(EXTRACTED RECORDS)
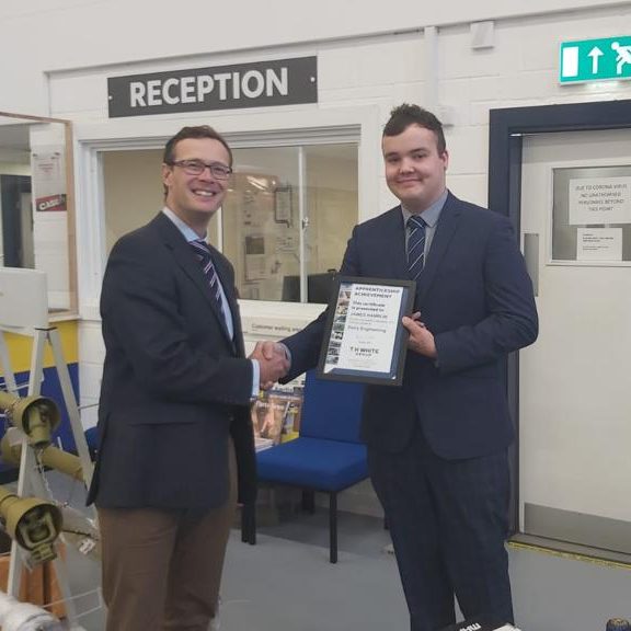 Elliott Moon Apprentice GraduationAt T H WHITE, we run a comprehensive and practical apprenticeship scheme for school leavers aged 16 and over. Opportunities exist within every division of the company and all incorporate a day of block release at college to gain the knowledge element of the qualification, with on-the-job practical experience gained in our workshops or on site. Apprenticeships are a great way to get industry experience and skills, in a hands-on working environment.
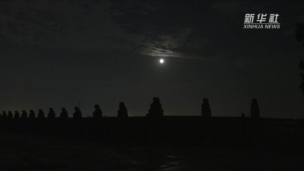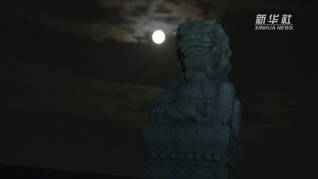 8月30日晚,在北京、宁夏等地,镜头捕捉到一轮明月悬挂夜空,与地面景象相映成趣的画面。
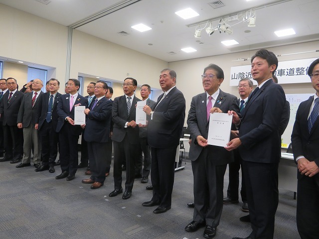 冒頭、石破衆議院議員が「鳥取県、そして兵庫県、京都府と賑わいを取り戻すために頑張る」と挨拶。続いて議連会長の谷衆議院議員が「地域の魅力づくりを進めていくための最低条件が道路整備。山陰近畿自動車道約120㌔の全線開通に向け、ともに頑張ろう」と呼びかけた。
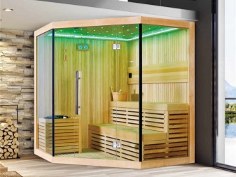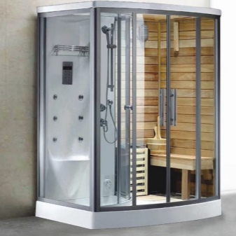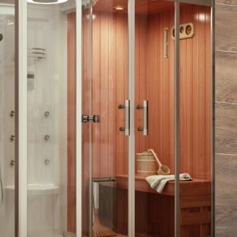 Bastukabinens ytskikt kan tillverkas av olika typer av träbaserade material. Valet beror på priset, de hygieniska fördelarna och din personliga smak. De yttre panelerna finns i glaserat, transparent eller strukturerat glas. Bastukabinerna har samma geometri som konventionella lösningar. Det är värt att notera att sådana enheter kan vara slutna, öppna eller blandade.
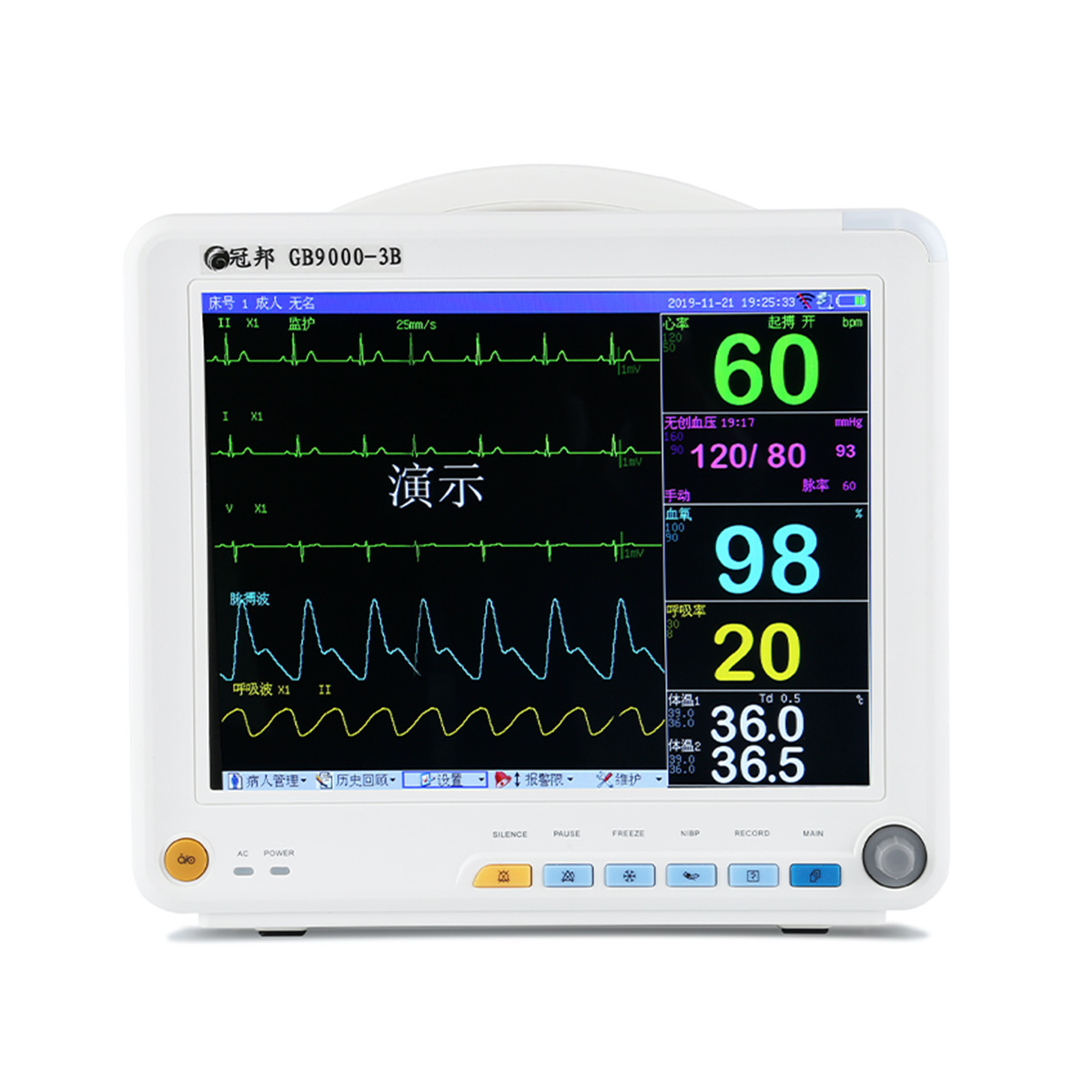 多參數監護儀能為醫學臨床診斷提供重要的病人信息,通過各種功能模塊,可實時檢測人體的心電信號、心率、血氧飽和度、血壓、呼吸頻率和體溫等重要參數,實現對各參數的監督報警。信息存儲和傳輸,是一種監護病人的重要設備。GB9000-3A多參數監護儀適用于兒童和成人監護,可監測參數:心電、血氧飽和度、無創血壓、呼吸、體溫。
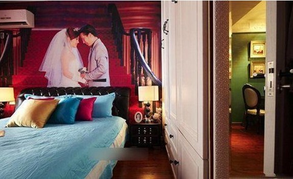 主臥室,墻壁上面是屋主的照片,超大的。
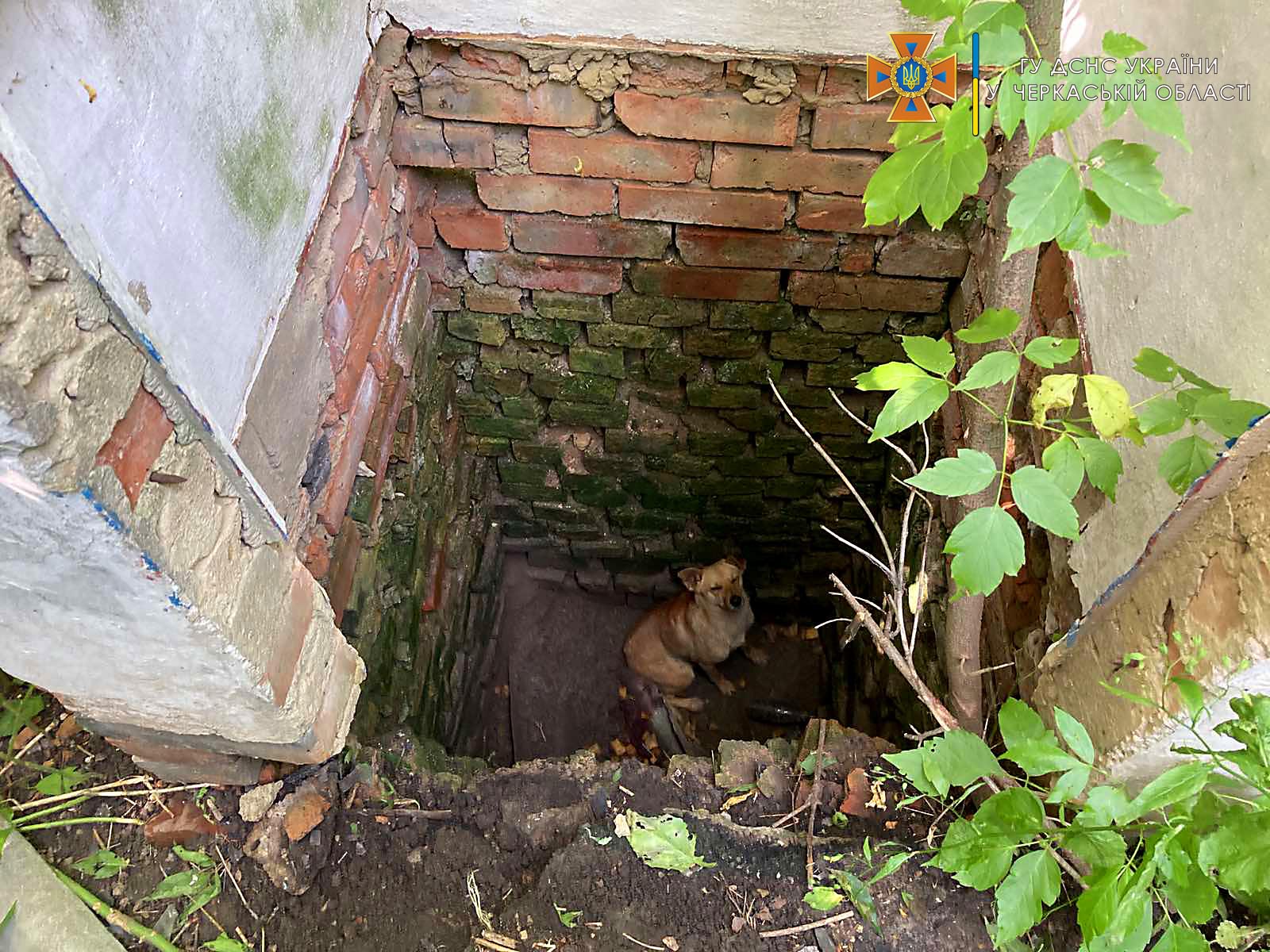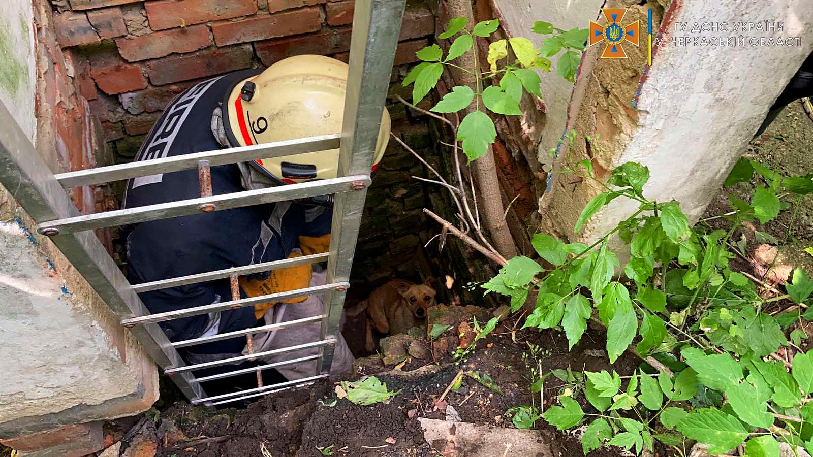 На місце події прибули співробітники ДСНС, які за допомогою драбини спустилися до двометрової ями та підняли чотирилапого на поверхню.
(End EXTRACTED RECORDS)
(EXTRACTED RECORDS)
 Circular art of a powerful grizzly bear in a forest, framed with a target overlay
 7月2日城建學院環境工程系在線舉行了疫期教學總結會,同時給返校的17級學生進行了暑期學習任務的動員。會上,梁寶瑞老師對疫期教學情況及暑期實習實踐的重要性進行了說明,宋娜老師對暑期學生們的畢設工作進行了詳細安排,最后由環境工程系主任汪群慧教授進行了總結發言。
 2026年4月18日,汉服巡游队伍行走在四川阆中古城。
(End EXTRACTED RECORDS)
(EXTRACTED RECORDS)
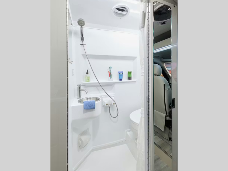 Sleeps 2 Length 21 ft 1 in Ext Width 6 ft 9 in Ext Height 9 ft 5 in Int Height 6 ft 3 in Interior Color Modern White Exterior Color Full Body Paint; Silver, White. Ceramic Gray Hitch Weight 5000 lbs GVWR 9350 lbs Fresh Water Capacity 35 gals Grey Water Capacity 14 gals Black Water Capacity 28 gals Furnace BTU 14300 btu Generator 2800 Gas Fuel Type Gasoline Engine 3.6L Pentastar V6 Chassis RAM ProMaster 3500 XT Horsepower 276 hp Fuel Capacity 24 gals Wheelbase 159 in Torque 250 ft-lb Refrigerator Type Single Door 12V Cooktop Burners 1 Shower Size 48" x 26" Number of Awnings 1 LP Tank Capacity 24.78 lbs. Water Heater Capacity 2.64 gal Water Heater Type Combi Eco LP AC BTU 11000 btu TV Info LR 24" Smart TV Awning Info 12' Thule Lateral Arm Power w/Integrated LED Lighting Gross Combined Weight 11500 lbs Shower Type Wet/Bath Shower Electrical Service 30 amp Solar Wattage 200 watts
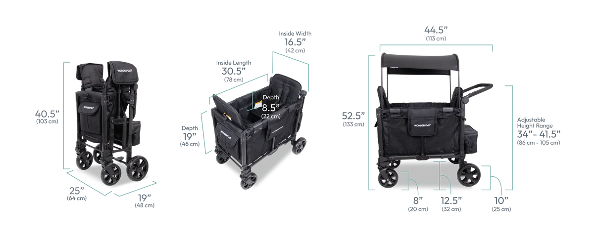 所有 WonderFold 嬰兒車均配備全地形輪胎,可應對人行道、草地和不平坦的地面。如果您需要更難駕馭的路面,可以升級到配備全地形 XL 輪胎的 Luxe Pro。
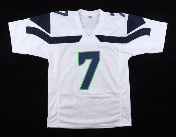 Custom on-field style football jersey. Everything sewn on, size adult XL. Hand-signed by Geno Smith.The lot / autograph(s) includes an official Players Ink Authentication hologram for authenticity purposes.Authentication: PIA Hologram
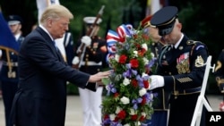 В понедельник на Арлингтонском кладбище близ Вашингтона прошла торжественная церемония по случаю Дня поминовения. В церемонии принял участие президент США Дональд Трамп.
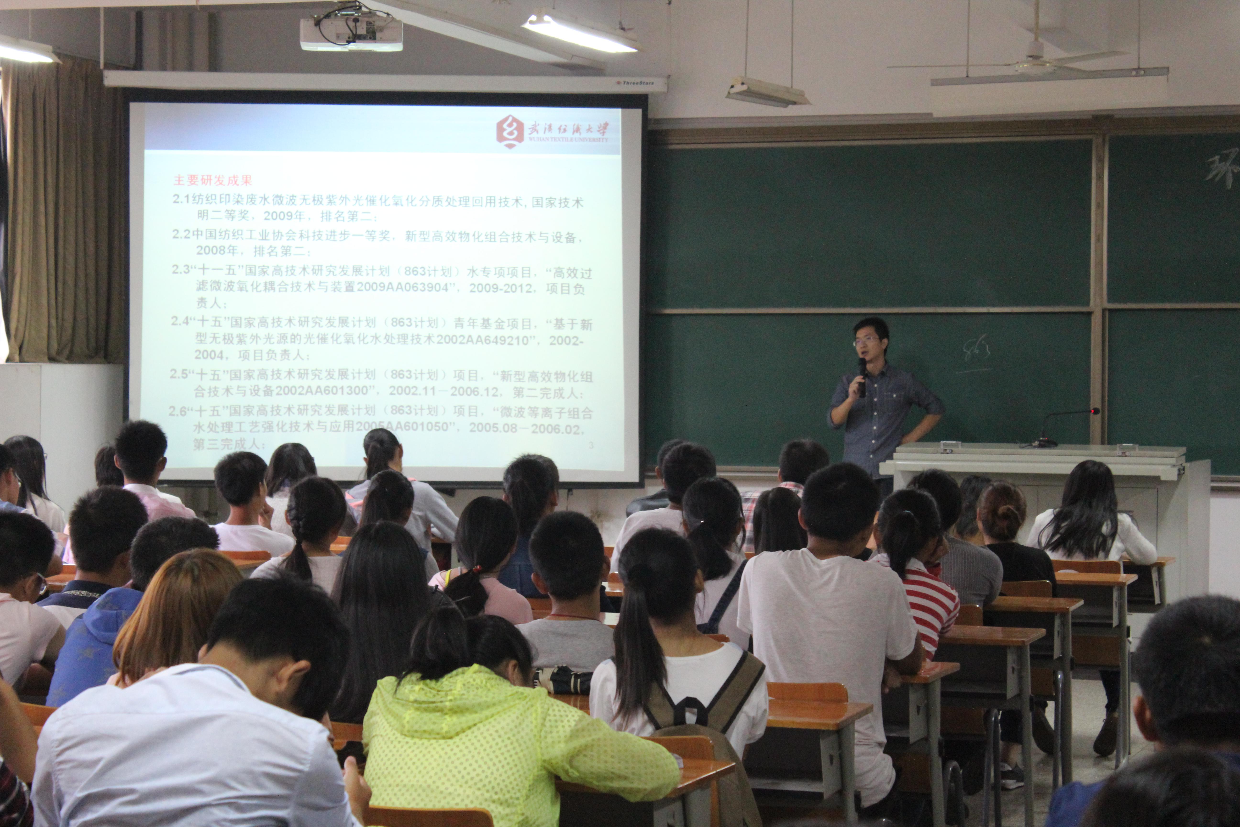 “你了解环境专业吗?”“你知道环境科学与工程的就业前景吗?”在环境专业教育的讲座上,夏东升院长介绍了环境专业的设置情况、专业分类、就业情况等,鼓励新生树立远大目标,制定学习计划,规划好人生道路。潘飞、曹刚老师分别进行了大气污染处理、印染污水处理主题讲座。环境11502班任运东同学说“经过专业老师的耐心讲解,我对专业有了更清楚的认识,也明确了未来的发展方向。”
(End EXTRACTED RECORDS)
### EXERCISE PROMPT:
In the entries above, which lines run from the one with "Elliott Moon Apprentice" up to and including the one with "冒頭、石破衆議院議員が「鳥取"? Write them out exactly, without the pictures.

### SOLUTION FOR THIS EXERCISE:
 Elliott Moon Apprentice GraduationAt T H WHITE, we run a comprehensive and practical apprenticeship scheme for school leavers aged 16 and over. Opportunities exist within every division of the company and all incorporate a day of block release at college to gain the knowledge element of the qualification, with on-the-job practical experience gained in our workshops or on site. Apprenticeships are a great way to get industry experience and skills, in a hands-on working environment.
 8月30日晚,在北京、宁夏等地,镜头捕捉到一轮明月悬挂夜空,与地面景象相映成趣的画面。
 冒頭、石破衆議院議員が「鳥取県、そして兵庫県、京都府と賑わいを取り戻すために頑張る」と挨拶。続いて議連会長の谷衆議院議員が「地域の魅力づくりを進めていくための最低条件が道路整備。山陰近畿自動車道約120㌔の全線開通に向け、ともに頑張ろう」と呼びかけた。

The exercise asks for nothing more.